In the same instant, Sabas said, "A ship?"
"Shut up, Darah," Leith said, and was obeyed. She turned her attention back to the supervisor. "All that means to me is that you've got lots of ships on the ground, Maintenance Supervisor Rhawn. I want one of them—emergency business."
Trivally's eyes slid again to Alkres, standing now at my left hand. Leith nodded. "That's right," she said. "You know who he is."
"I can't do it," Trivally said again. "I'm sorry, Captain, its just not possible. It's as much as my job is worth—and you're not even one of us."
Leith frowned, and I said, "Leith." The captain quieted instantly, and Guil gave me a curious look. I kept myself from smiling with an effort. This was a situation well covered by the code, and one that I could interpret to my—to Alkres's—advantage. It was a very pleasant feeling.
"Trivally Rhawn," I said, deliberately, "my name is Maturin. The Halex Medium. I call on you in the Kinship's name to help your patriarch."
Trivally looked at me with slowly widening eyes. I was implicitly threatening him with an accusation of code breaking—with death—and while there might seem to be little I could do to enforce my sanction, I was his Kinship's senior Medium, protector of his genarch. The code gave me rights and powers I didn't think he would be able to withstand. After a moment, he looked away, and I felt a surge of elation.
"The port's still closed," the supervisor protested. "I can give you a ship, sure, but you can't go anywhere."
"Oh, yes, I can," Leith said with a savage smile, and Trivally threw up his hands.

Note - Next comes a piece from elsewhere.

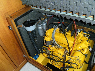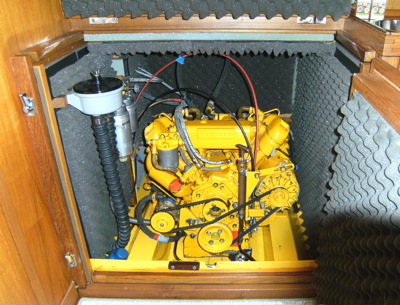 Der Motorraum ist an fünf Seiten schallisoliert. Zusammen mit der soliden Ausführung des salonseitigen Zugangs führt das bei Motorfahrt zu einem äußerst niedrigen Geräuschpegel. Das Schiff wird über eine Drucklagerwelle angetrieben. Zwischen Wellen- und Getriebeflansch befindet sich eine hochflexible »VULKAN-MEGIFLEX«-Kupplung. Die Stopfbuchse ist wassergeschmiert, das propellerseitige Gummilager ebenfalls. Dort ist die VA-Welle hartmetallbeschichtet und damit wartungsfrei. Ein SPW-Drehflügelpropeller aus Bronze bringt die Kraft des Motors ins Wasser. Für Service-Arbeiten sind Motor und Welle von allen Seiten gut erreichbar. |

"On your head, then." He looked at me. "Medium, I—" He broke off abruptly, sighing, and bowed his head in submission. "As Himself wishes, Medium. So be it."
"Thank you," I said.
"Yes, thank you," Alkres said. "You do a lot to make up for Yslin."
"Yslin!" Trivally's mouth contorted as though he were about to spit. "Sor, not all of us follow him, not even in the Rhawn Branch. Don't go off-world. We need you, to fight back."